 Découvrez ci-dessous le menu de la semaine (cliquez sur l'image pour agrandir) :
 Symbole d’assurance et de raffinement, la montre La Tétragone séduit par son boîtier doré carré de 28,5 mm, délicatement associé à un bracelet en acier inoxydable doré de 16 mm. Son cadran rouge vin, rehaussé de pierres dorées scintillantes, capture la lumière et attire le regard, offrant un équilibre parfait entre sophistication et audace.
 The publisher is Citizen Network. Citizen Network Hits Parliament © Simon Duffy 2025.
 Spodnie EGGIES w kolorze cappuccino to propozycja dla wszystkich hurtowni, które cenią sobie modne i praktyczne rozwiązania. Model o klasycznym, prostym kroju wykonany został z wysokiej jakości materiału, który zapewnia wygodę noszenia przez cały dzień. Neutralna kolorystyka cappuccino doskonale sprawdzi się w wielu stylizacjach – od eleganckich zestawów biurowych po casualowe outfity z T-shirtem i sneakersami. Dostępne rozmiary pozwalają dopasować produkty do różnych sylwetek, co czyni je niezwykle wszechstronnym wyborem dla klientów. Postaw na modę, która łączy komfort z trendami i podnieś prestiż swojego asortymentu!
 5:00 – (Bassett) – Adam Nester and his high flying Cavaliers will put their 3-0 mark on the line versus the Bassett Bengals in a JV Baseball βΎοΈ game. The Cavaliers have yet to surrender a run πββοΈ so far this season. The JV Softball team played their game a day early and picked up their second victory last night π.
□ □ □ □ □
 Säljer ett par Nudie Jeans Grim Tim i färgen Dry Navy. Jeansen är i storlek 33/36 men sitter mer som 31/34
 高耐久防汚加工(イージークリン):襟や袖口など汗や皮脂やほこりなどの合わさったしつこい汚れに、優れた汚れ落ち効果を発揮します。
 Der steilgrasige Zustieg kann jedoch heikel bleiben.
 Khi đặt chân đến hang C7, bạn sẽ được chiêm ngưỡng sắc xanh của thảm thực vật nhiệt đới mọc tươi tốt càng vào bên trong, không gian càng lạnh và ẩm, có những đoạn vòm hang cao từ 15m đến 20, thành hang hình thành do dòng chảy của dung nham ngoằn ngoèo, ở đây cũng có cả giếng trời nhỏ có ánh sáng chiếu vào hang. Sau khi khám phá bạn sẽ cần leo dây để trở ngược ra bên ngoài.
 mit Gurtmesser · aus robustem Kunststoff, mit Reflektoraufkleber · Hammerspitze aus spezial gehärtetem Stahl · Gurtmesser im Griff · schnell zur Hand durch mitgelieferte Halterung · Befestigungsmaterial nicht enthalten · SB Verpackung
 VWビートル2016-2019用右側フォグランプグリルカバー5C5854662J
□ □ □ □ □
Description of the task: Beginning at the line above with "mit Gurtmesser ·" and finishing at the line with "VWビートル2016-201", return each line exactly and return nothing else.

Written answer:
 mit Gurtmesser · aus robustem Kunststoff, mit Reflektoraufkleber · Hammerspitze aus spezial gehärtetem Stahl · Gurtmesser im Griff · schnell zur Hand durch mitgelieferte Halterung · Befestigungsmaterial nicht enthalten · SB Verpackung
 VWビートル2016-2019用右側フォグランプグリルカバー5C5854662J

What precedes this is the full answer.